4. (1) Камилл триумфатором воротился в Город, победивши разом в трех войнах[693]. (2) Перед колесницей он гнал великое множество пленных этрусков, и при продаже с торгов[694] за них дали столько денег, что их, после того как с матронами расплатились за золото[695], еще хватило на изготовление трех золотых чаш, (3) о которых известно, что до пожара на Капитолии[696] они с посвятительной надписью Камилла стояли в храме Юпитера у ног Юноны.

(4) В тот же год [388 г.] были приняты в гражданство те из вейян, капенцев и фалисков[697], которые во время этих последних войн перешли к римлянам; этим новым гражданам были нарезаны поля. (5) Сенат постановил также отозвать из Вей тех, кто, ленясь строиться в Риме, перебрался в Вейи, заняв там пустующие дома[698]. Сперва поднялся ропот недовольных приказом; днем позже для тех, кто не возвратится в Рим, была назначена смертная казнь, сразу превратившая ожесточенную толпу в разобщенных людей, послушных каждый своему страху. (6) А как только в Риме стало многолюднее, там сразу стали строиться – и с помощью государства, которое помогало в расходах, и заботой эдилов[699], которые следили за этими работами как за общественными, да и сами частные лица ради своей же пользы торопились закончить стройку. Новый город поднялся в течение года.

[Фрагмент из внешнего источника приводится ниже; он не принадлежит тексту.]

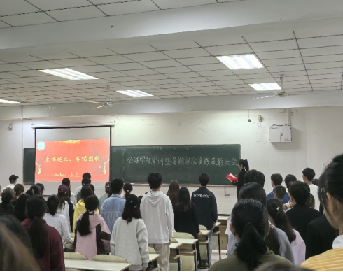 大会在全院师生嘹亮的国歌声中开始,全体师生起立行注目礼。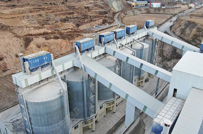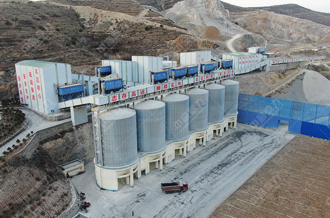 該生產線設計具有多方面優勢特點——,生產程封閉,按照“密閉破碎—密閉輸送—密閉篩分—密閉輸送入庫”的流程進行,避免粉塵外溢,生產噪音;,集石料生產與制砂為一體,兩段式破碎設計,流程順暢,成品料質量高,更具市場優勢;第三,6個鋼板儲料罐(4000噸/個)進行成品料存儲,配備中譽鼎力自助裝車系統,司機刷卡按需裝車,封閉環保、準確。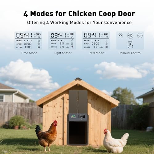 ?Multi-Modes for Chicken Door?This solar chicken coop door offers 4 easy modes: Light sensor mode opens at sunrise and closes at sunset; Timer mode lets you set custom times; Hybrid mode combines both for extra reliability; and manual mode allows instant control anytime. Great for vacations or sleeping in — your chickens will always get out on time in the morning and stay safely locked in at night, protected from predators, with little effort from you.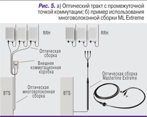 Разумной альтернативой описанным подходам может стать применение кабельных систем с промежуточной точкой коммутации (рис. 5, а). В этом случае от базовой станции прокладывается многоволоконная сборка (например, с 6 или 8 волокнами) до промежуточной коммутационной коробки, расположенной в непосредственной близости от модулей RRH (как правило, на расстоянии от 5 до 15 м).

(7) В конце года состоялись выборы военных трибунов с консульской властью. Избраны были Тит Квинкций Цинциннат, Квинт Сервилий Фидена (в пятый раз), Луций Юлий Юл, Луций Аквилий Корв, Луций Лукреций Триципитин, Сервий Сульпиций Руф. (8) Они повели одно войско в страну эквов (не для войны – те признавали себя побежденными, – но из ненависти, чтобы опустошить их страну и не оставить сил для новых замыслов) и другое – в область Тарквиний. (9) Там были взяты силою этрусские города Кортуоза и Контенебра. При Кортуозе сражения не было: внезапно появившись, римляне захватили ее при первом же кличе и натиске – город был разграблен и сожжен. (10) Контенебра выдержала несколько дней осады, но непрерывный бой, не прекращавшийся ни днем ни ночью, сломил жителей. Ведь римское войско разделилось на шесть частей, которые бились поочередно по шесть часов каждая, а малолюдство осажденных заставляло их выставлять всегда тех же изнуренных непрерывным сражением граждан; они наконец уступили, и римляне смогли войти в город. (11) Трибунам хотелось забрать добычу в казну, но они запоздали с приказанием, а тем временем добыча уже досталась воинам и отнять ее можно было только ценою ненависти.

(12) В тот же год, чтобы город возрастал не частными только строениями, и Капитолий вымостили каменными плитами – дело приметное и среди нынешнего великолепия города.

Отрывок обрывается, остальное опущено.